The required output is the stretch from the line containing "株式会社トビバコでは、累計1" through the line containing "Shaved door handles, tailgaite" in the records below, unaltered and with no pictures.

Working data: Begin

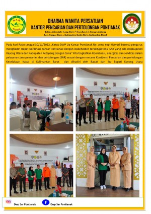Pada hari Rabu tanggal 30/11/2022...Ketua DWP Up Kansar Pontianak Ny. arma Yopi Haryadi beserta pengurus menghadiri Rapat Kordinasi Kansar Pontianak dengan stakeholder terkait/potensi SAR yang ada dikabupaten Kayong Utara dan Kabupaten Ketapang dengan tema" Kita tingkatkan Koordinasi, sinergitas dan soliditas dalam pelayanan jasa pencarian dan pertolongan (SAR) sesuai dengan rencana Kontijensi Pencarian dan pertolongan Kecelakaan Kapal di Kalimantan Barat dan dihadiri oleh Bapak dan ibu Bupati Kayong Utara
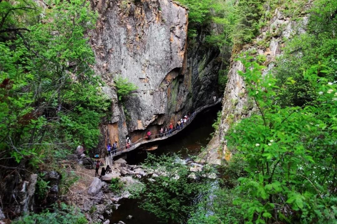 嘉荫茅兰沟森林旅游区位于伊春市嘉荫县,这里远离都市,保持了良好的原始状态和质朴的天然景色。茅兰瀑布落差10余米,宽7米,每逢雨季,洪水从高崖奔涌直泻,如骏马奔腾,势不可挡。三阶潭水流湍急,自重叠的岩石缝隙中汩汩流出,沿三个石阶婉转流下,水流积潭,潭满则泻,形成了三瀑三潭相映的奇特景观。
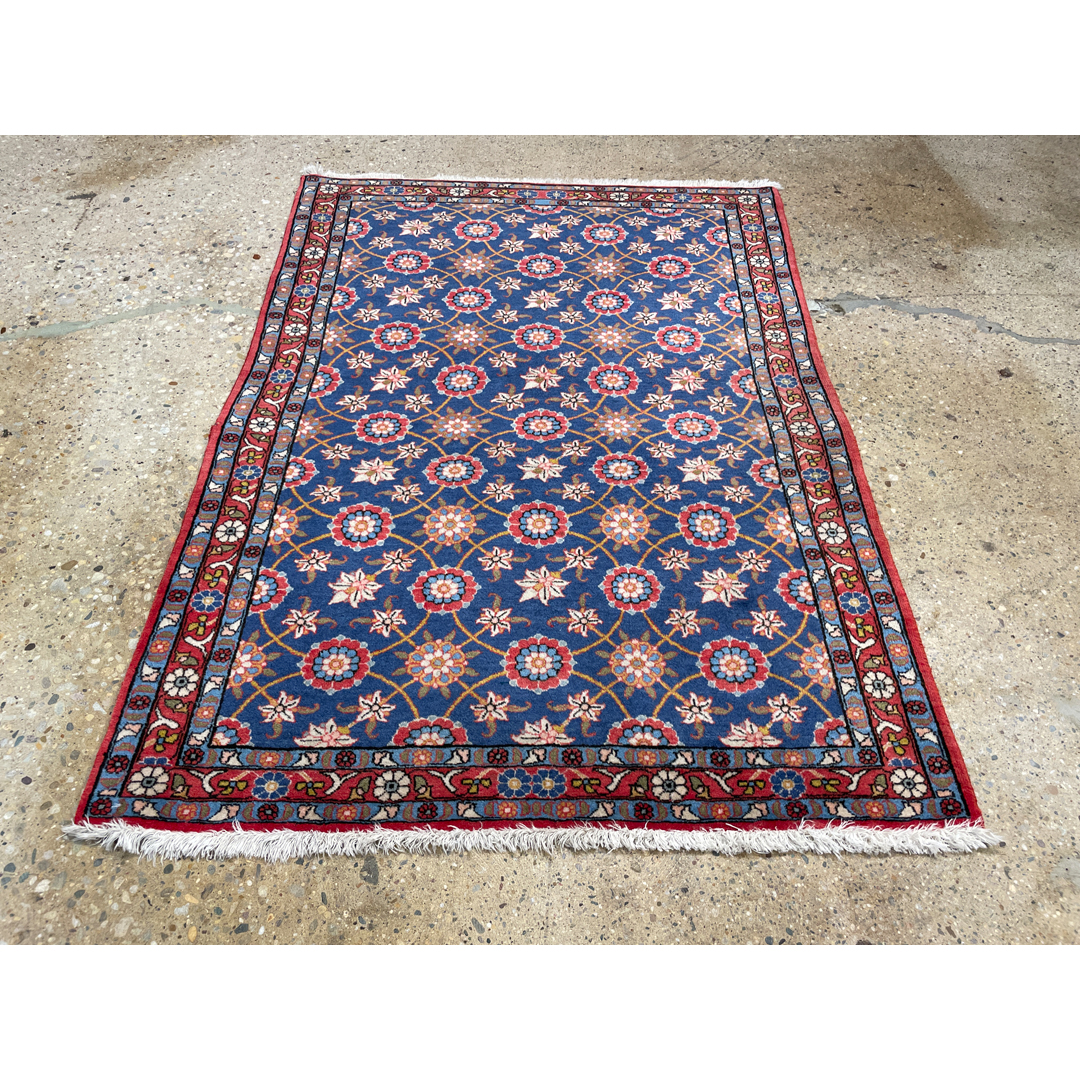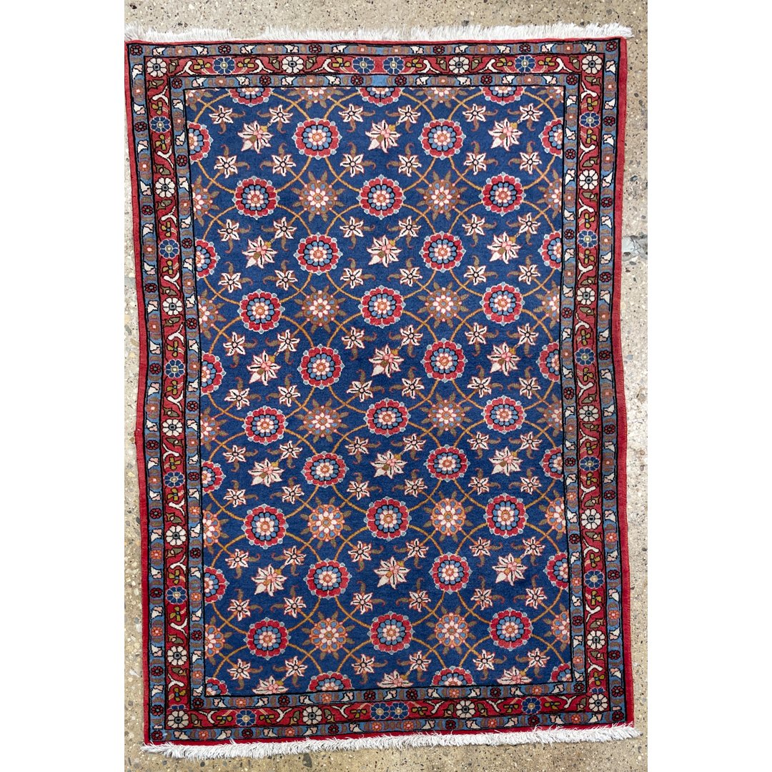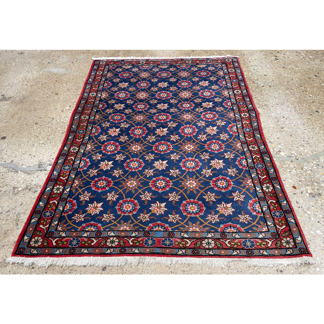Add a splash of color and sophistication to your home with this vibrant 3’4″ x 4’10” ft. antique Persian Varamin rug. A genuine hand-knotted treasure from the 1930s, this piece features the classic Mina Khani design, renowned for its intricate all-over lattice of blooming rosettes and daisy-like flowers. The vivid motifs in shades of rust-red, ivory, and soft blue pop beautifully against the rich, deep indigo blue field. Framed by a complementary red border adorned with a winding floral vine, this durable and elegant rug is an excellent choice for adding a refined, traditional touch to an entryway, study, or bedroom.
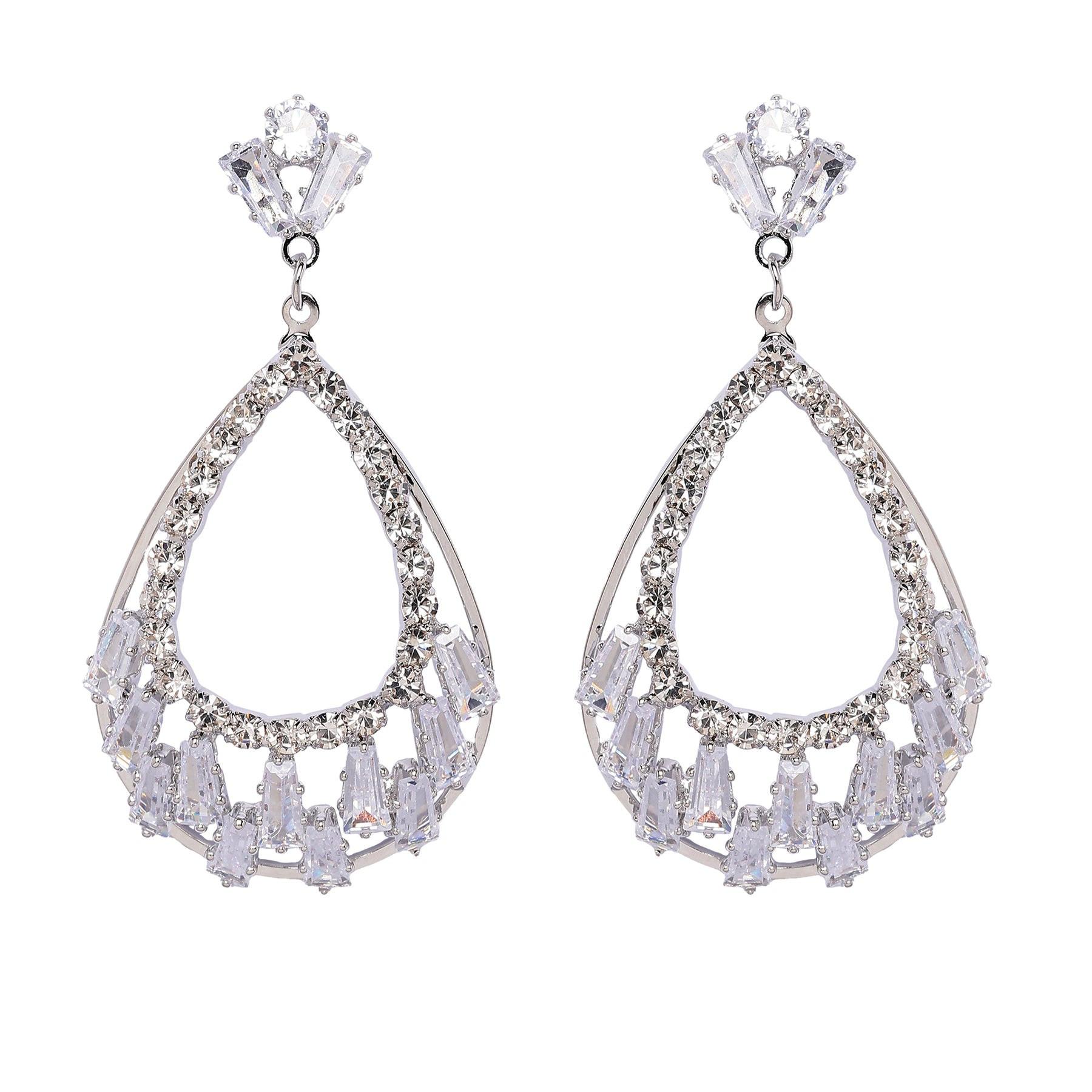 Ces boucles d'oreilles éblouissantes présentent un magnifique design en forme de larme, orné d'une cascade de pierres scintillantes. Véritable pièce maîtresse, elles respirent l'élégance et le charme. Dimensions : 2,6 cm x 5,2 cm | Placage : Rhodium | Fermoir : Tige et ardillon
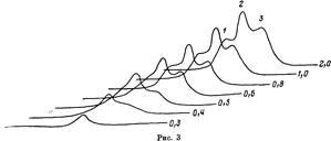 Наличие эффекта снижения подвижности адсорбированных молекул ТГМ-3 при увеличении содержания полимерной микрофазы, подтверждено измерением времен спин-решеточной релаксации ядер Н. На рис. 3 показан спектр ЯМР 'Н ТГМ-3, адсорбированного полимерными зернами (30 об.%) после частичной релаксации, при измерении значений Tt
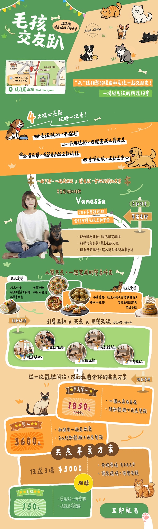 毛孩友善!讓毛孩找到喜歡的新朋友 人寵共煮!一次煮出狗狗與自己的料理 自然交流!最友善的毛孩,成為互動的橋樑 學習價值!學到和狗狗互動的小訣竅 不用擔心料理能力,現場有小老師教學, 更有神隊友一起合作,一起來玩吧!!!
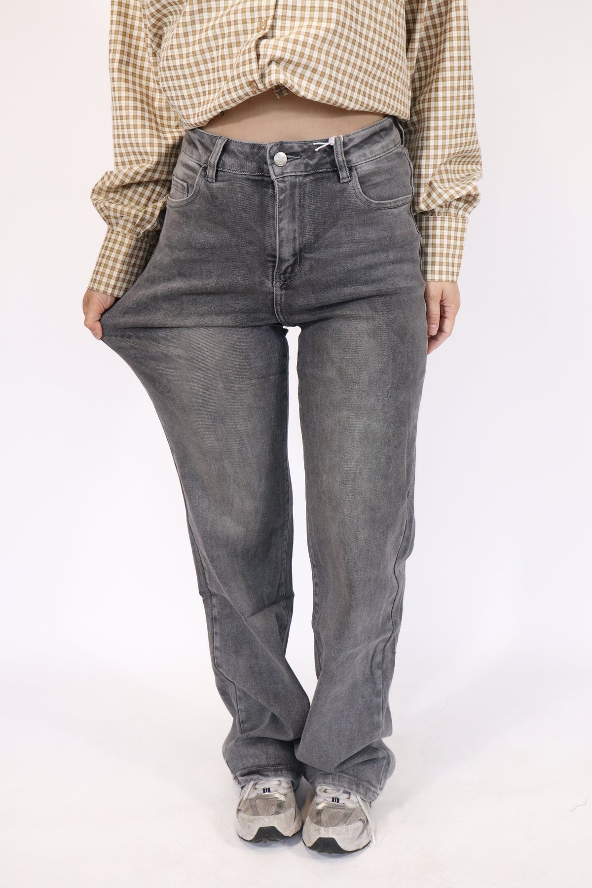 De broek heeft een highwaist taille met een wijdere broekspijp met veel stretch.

Working data: End
Working data: Begin

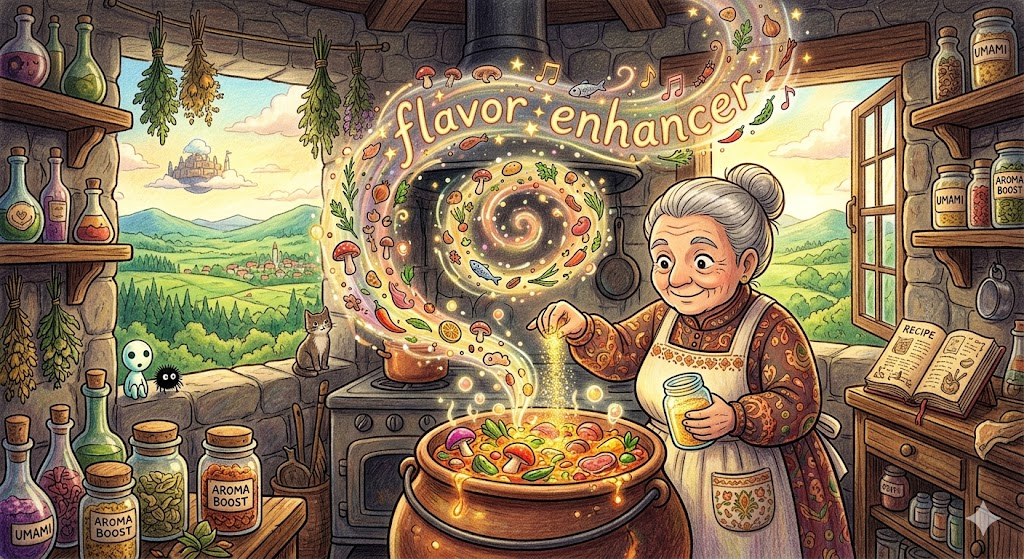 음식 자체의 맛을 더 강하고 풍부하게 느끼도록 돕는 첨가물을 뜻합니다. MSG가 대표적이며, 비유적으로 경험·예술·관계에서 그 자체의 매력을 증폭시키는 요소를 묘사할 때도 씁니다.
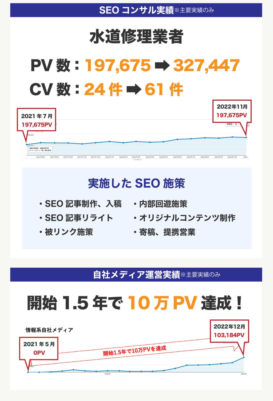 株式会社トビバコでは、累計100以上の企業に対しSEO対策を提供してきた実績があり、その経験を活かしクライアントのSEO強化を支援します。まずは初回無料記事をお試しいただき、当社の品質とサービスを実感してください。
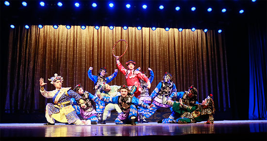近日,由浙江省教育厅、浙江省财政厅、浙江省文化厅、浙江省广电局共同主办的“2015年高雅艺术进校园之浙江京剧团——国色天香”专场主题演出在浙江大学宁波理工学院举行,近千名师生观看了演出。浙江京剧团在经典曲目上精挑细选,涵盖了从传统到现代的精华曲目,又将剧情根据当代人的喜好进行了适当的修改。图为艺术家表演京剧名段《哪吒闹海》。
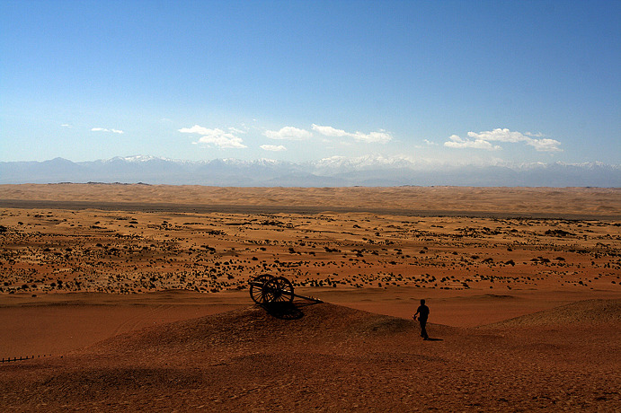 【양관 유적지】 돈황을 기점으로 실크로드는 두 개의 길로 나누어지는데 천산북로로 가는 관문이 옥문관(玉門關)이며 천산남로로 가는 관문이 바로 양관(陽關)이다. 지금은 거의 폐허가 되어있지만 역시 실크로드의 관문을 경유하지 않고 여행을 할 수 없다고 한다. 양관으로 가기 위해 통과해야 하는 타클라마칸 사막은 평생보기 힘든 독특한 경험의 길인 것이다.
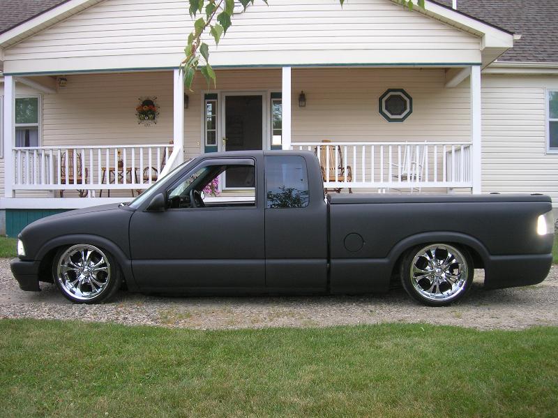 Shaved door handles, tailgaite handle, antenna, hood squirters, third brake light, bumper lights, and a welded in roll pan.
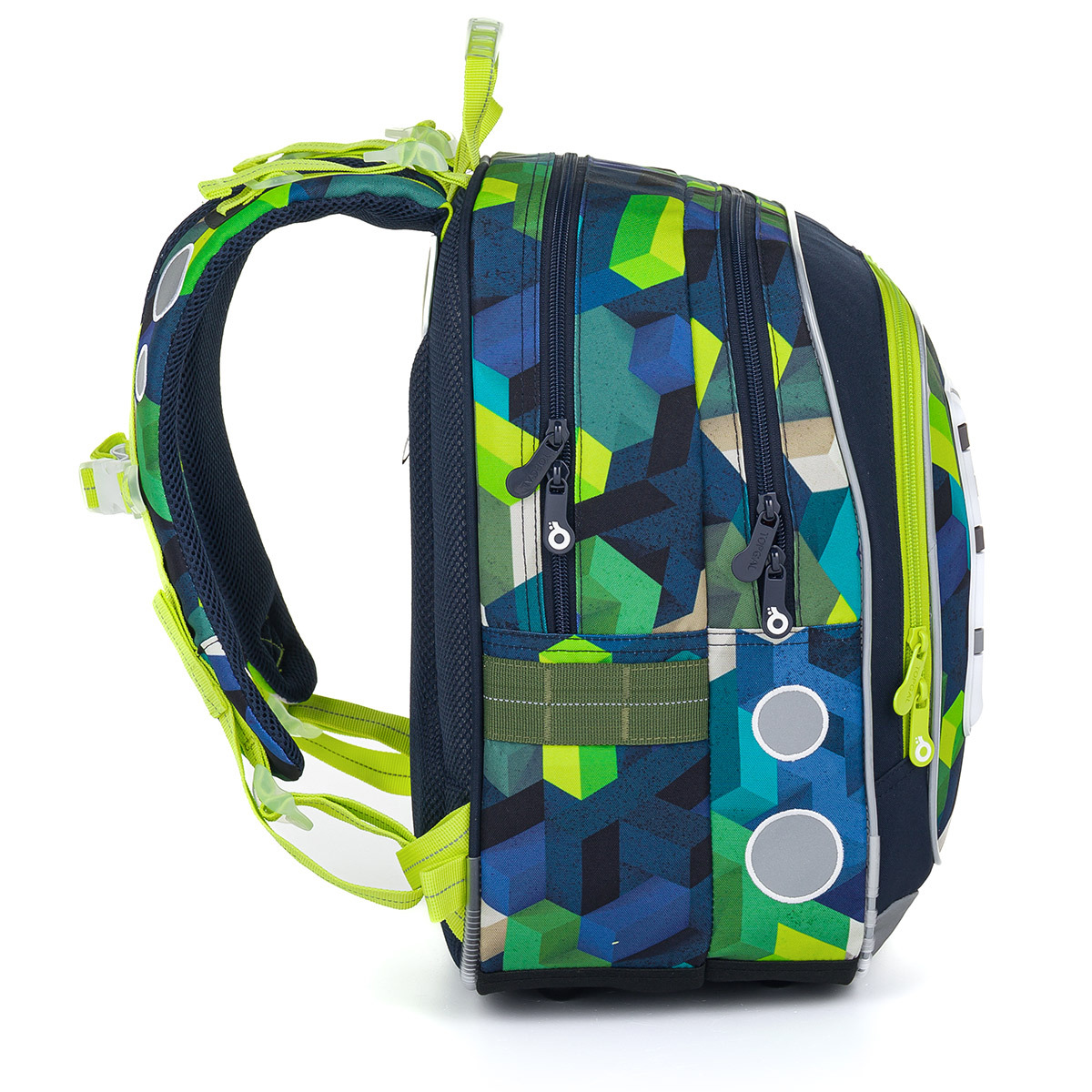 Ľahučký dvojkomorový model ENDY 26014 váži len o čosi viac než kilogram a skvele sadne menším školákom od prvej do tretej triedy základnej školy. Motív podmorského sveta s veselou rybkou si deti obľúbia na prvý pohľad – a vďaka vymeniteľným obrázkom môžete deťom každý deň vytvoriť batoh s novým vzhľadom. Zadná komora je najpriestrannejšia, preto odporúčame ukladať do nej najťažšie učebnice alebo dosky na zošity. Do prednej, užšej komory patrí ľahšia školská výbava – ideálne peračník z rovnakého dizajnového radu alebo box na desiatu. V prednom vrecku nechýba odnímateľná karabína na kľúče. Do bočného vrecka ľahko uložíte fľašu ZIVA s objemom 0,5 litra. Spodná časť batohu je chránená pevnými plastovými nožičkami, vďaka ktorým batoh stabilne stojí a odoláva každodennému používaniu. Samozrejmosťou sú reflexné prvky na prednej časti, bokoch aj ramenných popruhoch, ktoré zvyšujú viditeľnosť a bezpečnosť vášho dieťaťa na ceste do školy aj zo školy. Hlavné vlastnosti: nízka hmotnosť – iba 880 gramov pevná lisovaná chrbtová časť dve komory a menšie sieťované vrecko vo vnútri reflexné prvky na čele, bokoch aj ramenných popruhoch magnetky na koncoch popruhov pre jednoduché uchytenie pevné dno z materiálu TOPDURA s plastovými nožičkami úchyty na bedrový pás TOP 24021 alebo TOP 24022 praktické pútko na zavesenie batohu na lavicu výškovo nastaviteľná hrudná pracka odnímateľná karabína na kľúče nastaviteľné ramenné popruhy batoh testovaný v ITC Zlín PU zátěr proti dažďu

Working data: End

## Problem solution
 株式会社トビバコでは、累計100以上の企業に対しSEO対策を提供してきた実績があり、その経験を活かしクライアントのSEO強化を支援します。まずは初回無料記事をお試しいただき、当社の品質とサービスを実感してください。
近日,由浙江省教育厅、浙江省财政厅、浙江省文化厅、浙江省广电局共同主办的“2015年高雅艺术进校园之浙江京剧团——国色天香”专场主题演出在浙江大学宁波理工学院举行,近千名师生观看了演出。浙江京剧团在经典曲目上精挑细选,涵盖了从传统到现代的精华曲目,又将剧情根据当代人的喜好进行了适当的修改。图为艺术家表演京剧名段《哪吒闹海》。
 【양관 유적지】 돈황을 기점으로 실크로드는 두 개의 길로 나누어지는데 천산북로로 가는 관문이 옥문관(玉門關)이며 천산남로로 가는 관문이 바로 양관(陽關)이다. 지금은 거의 폐허가 되어있지만 역시 실크로드의 관문을 경유하지 않고 여행을 할 수 없다고 한다. 양관으로 가기 위해 통과해야 하는 타클라마칸 사막은 평생보기 힘든 독특한 경험의 길인 것이다.
 Shaved door handles, tailgaite handle, antenna, hood squirters, third brake light, bumper lights, and a welded in roll pan.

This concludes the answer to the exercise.